** Task input follows **

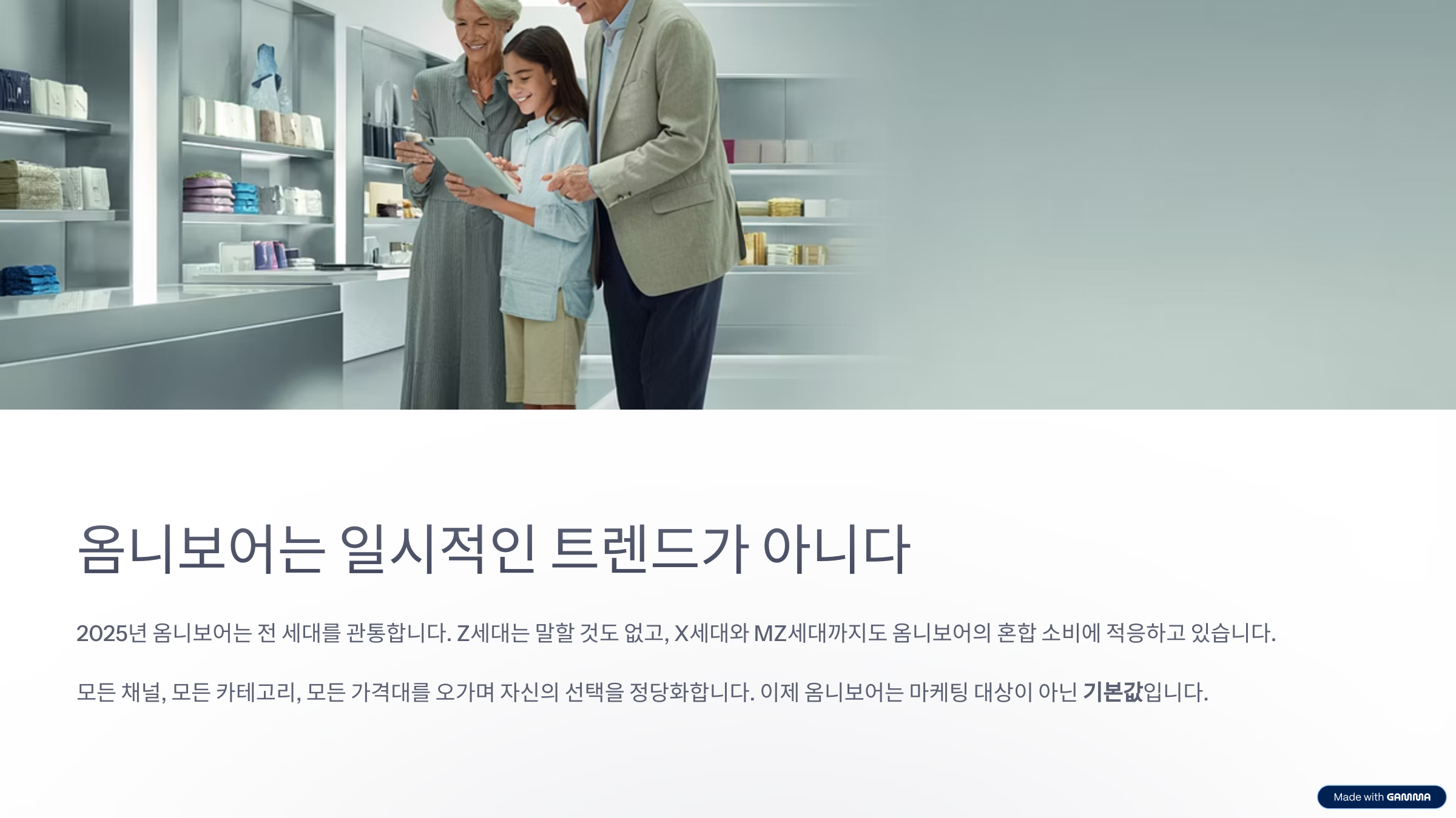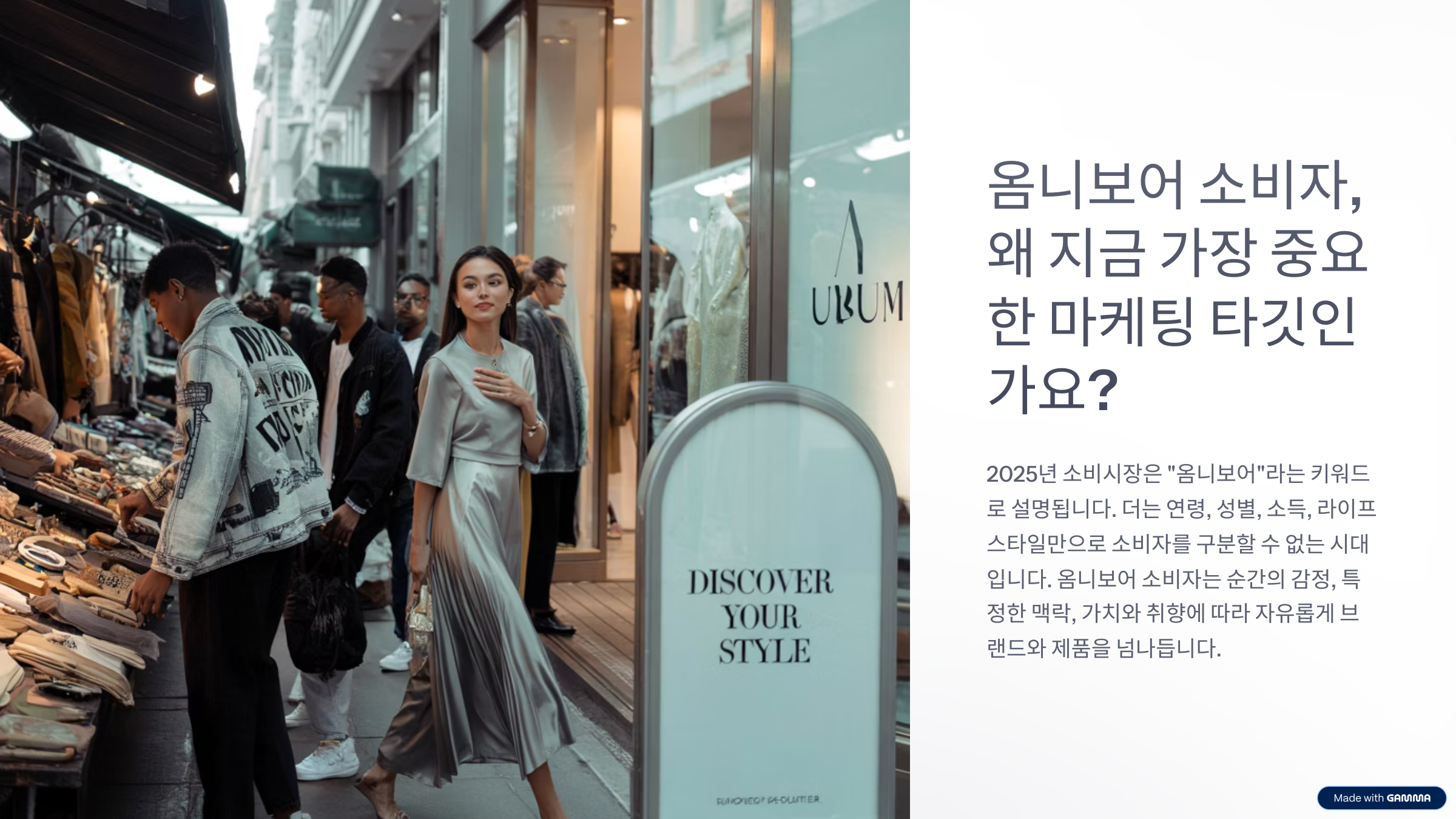 2025년 옴니보어는 전 세대를 관통합니다. Z세대는 말할 것도 없고, X세대와 MZ세대까지도 옴니보어의 혼합 소비에 적응하고 있습니다. 모든 채널, 모든 카테고리, 모든 가격대를 오가며 자신의 선택을 정당화합니다. 이제 옴니보어는 마케팅 대상이 아닌 기본값입니다.
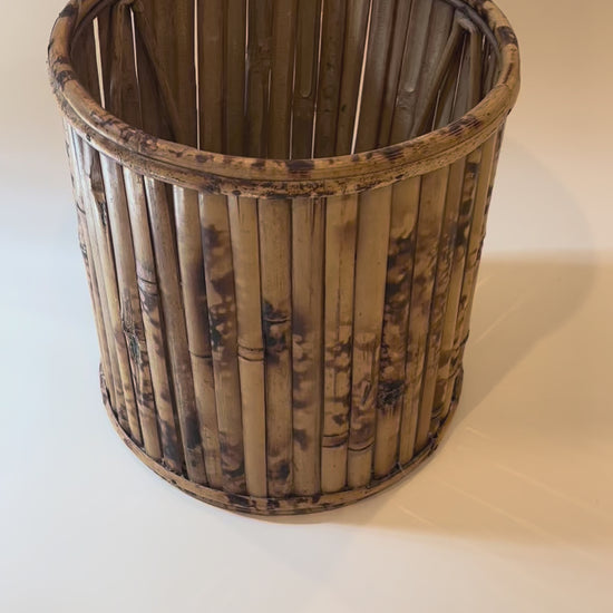 Vintage Burnt Bamboo Wastebasket
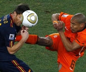 La “víctima” fue el español Xavi Alonso a los 23 minutos del primer tiempo en Johannesburgo, en una jugada intrascendente en la mitad de la cancha.
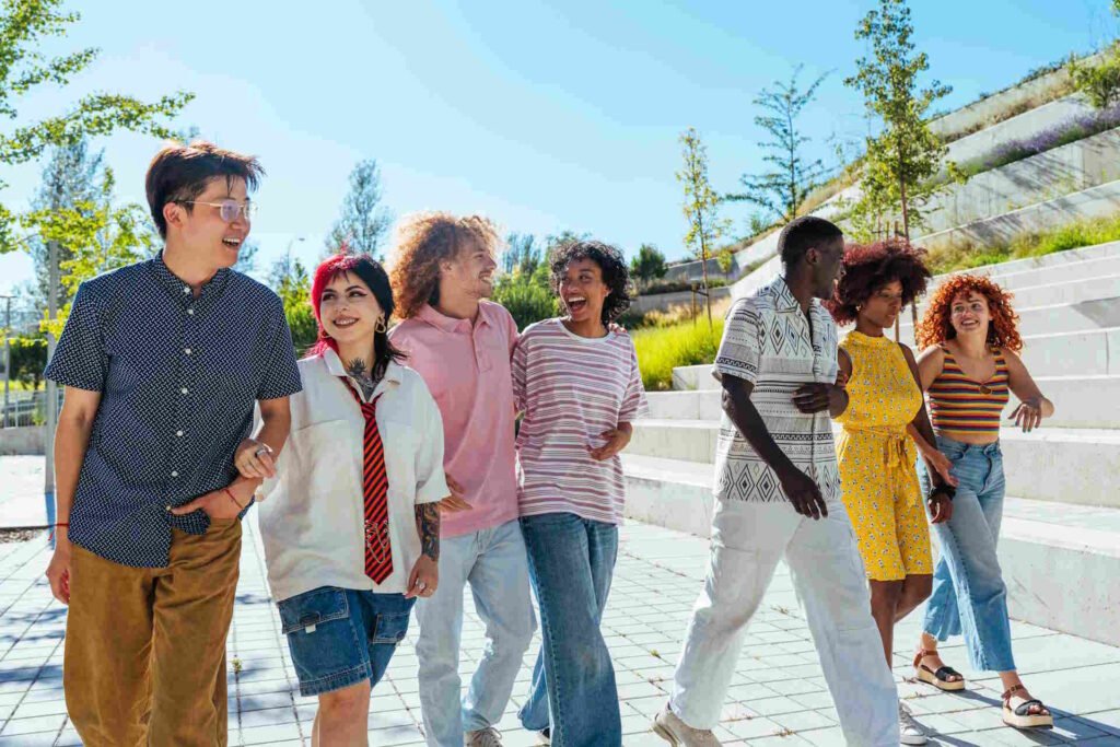 Multiethnic group of young friends meeting and having fun outdoors – Multiracial happy and stylish teen students bonding in the city, concepts about youth, teenagers lifestyle and diversity
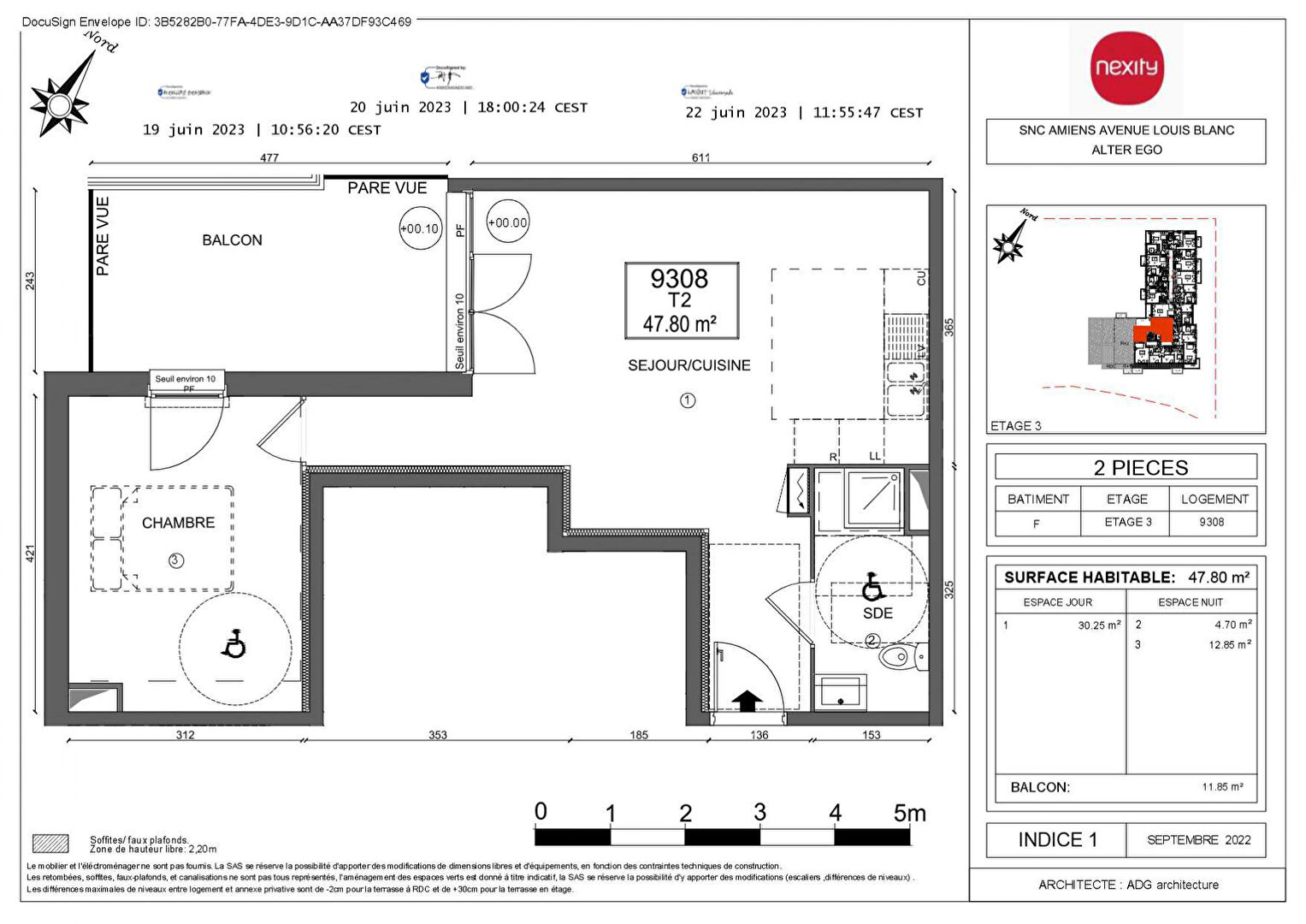Un appartement 2 pièces en VEFA du programme "ALTER EGO" comprenant : séjour cuisine, une chambre et une salle d'eau avec WC. Cet appartement de 47.8m2 disposera d'un grand balcon de 11.85m2 et d'une place de parking extérieure. Situé au 3ème étage dans une résidence bordée au nord par un espace vert, à l'Est par un cheminement piétonnier, au Sud par un espace vert
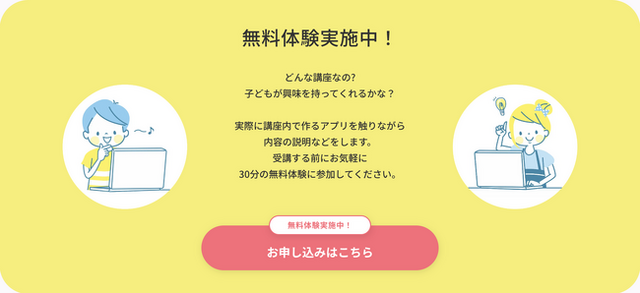 初回お申し込み2時間分無料キャンペーン実施中! 7月中にお申し込みいただいた方は初回の2時間分の受講が無料になります。子供と一緒にプログラミングを学びたいお父さん、忙しい日々でコミュニケーションに悩んでいるご家庭にぜひおすすめです。
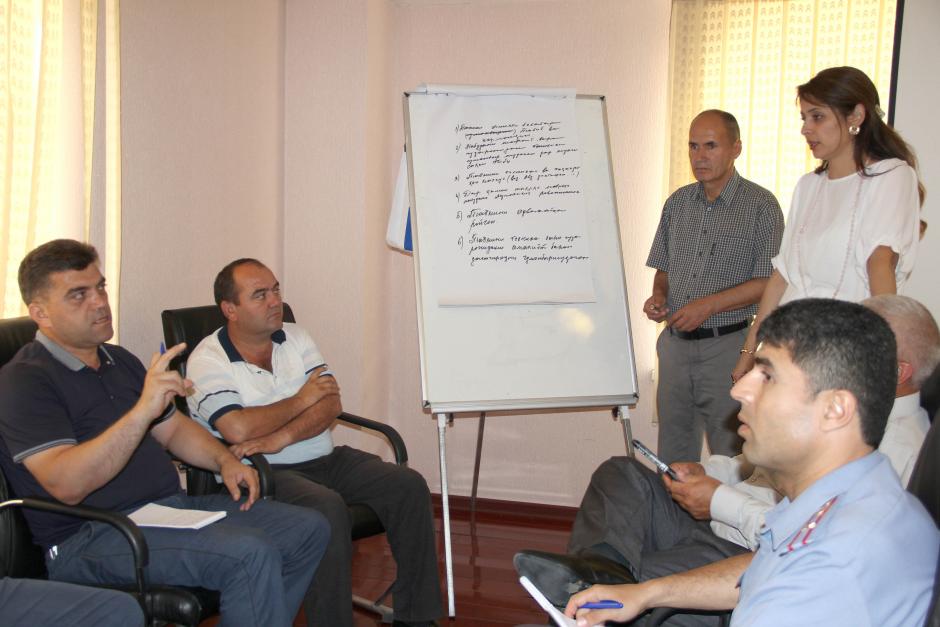 Иштирокчиён ҳангоми кор дар гурӯҳ дар курси омӯзишӣ оид ба Протоколи Истамбул, Бохтар, 10 июли соли 2019.
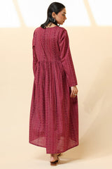 Chunari printed long flared dress designed with a V-neckline and button detailing along the front slit and sleeve hems. Gathers at the empire waist create a soft, flowing silhouette.
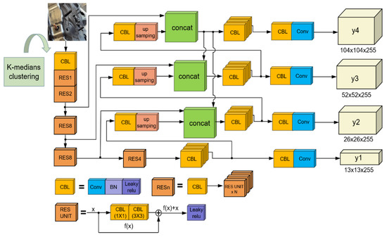 Additionally, by connecting the 8× downsampling fusion feature map with the 4× downsampling feature map, this approach increases the number of prediction layers from three to four. The 4× downsampling fusion feature map was employed to find smaller target studs. Figure 2 depicts the altered YOLOv3 structure used in this study.
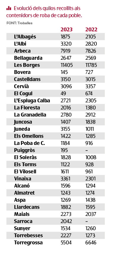 A quasi tots els municipis de l'àmbit informatiu garriguenc hi ha un contenidor de recollida de roba. Els únics que no en tenen són Fulleda, Tarrés i Granyena (a Alfés s'ha posat recentment). Aquests contenidors els instal·len els respectius consells comarcals, amb el suport de l'Agència de Residus de Catalunya, i la roba que s'hi recull la gestiona l'empresa d'inserció Troballes, de Càritas diocesana de Lleida, amb l'objectiu de seleccionar-la i donar-li nous usos.
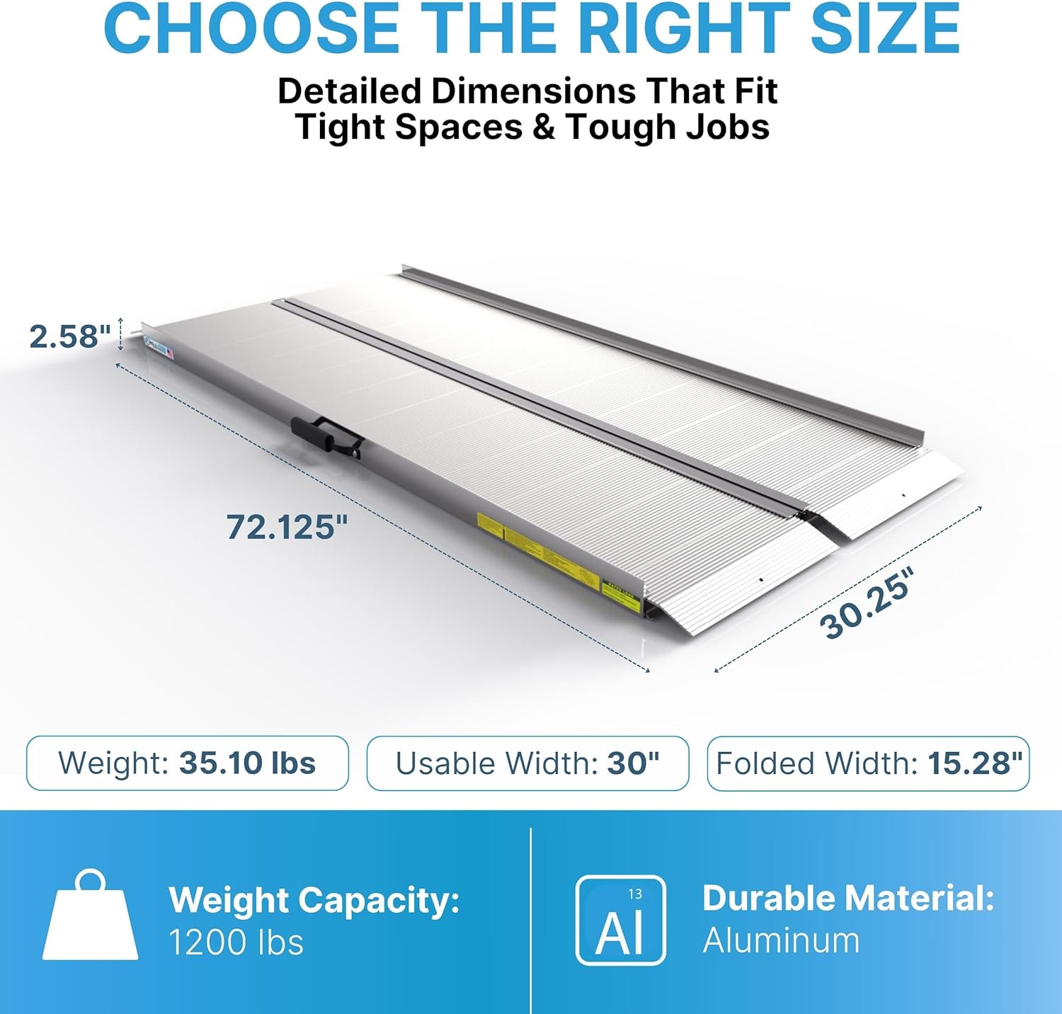 - SAFE & PORTABLE: This ramp folds to 15" wide for easy stowing in truck or van. Slip-resistant surface gives superior traction. Dimensions: 72.125" x 30.25" x 2.575". Weight: 40 lbs. Rated Load: 1200 lbs.

** End of Task input **

Where the data contains an image, skip the image and copy everything else exactly as it appears.

• _Answer box_
 2025년 옴니보어는 전 세대를 관통합니다. Z세대는 말할 것도 없고, X세대와 MZ세대까지도 옴니보어의 혼합 소비에 적응하고 있습니다. 모든 채널, 모든 카테고리, 모든 가격대를 오가며 자신의 선택을 정당화합니다. 이제 옴니보어는 마케팅 대상이 아닌 기본값입니다.
 Vintage Burnt Bamboo Wastebasket
 La “víctima” fue el español Xavi Alonso a los 23 minutos del primer tiempo en Johannesburgo, en una jugada intrascendente en la mitad de la cancha.
 Multiethnic group of young friends meeting and having fun outdoors – Multiracial happy and stylish teen students bonding in the city, concepts about youth, teenagers lifestyle and diversity
Un appartement 2 pièces en VEFA du programme "ALTER EGO" comprenant : séjour cuisine, une chambre et une salle d'eau avec WC. Cet appartement de 47.8m2 disposera d'un grand balcon de 11.85m2 et d'une place de parking extérieure. Situé au 3ème étage dans une résidence bordée au nord par un espace vert, à l'Est par un cheminement piétonnier, au Sud par un espace vert
 初回お申し込み2時間分無料キャンペーン実施中! 7月中にお申し込みいただいた方は初回の2時間分の受講が無料になります。子供と一緒にプログラミングを学びたいお父さん、忙しい日々でコミュニケーションに悩んでいるご家庭にぜひおすすめです。
 Иштирокчиён ҳангоми кор дар гурӯҳ дар курси омӯзишӣ оид ба Протоколи Истамбул, Бохтар, 10 июли соли 2019.
 Chunari printed long flared dress designed with a V-neckline and button detailing along the front slit and sleeve hems. Gathers at the empire waist create a soft, flowing silhouette.
 Additionally, by connecting the 8× downsampling fusion feature map with the 4× downsampling feature map, this approach increases the number of prediction layers from three to four. The 4× downsampling fusion feature map was employed to find smaller target studs. Figure 2 depicts the altered YOLOv3 structure used in this study.
 A quasi tots els municipis de l'àmbit informatiu garriguenc hi ha un contenidor de recollida de roba. Els únics que no en tenen són Fulleda, Tarrés i Granyena (a Alfés s'ha posat recentment). Aquests contenidors els instal·len els respectius consells comarcals, amb el suport de l'Agència de Residus de Catalunya, i la roba que s'hi recull la gestiona l'empresa d'inserció Troballes, de Càritas diocesana de Lleida, amb l'objectiu de seleccionar-la i donar-li nous usos.
 - SAFE & PORTABLE: This ramp folds to 15" wide for easy stowing in truck or van. Slip-resistant surface gives superior traction. Dimensions: 72.125" x 30.25" x 2.575". Weight: 40 lbs. Rated Load: 1200 lbs.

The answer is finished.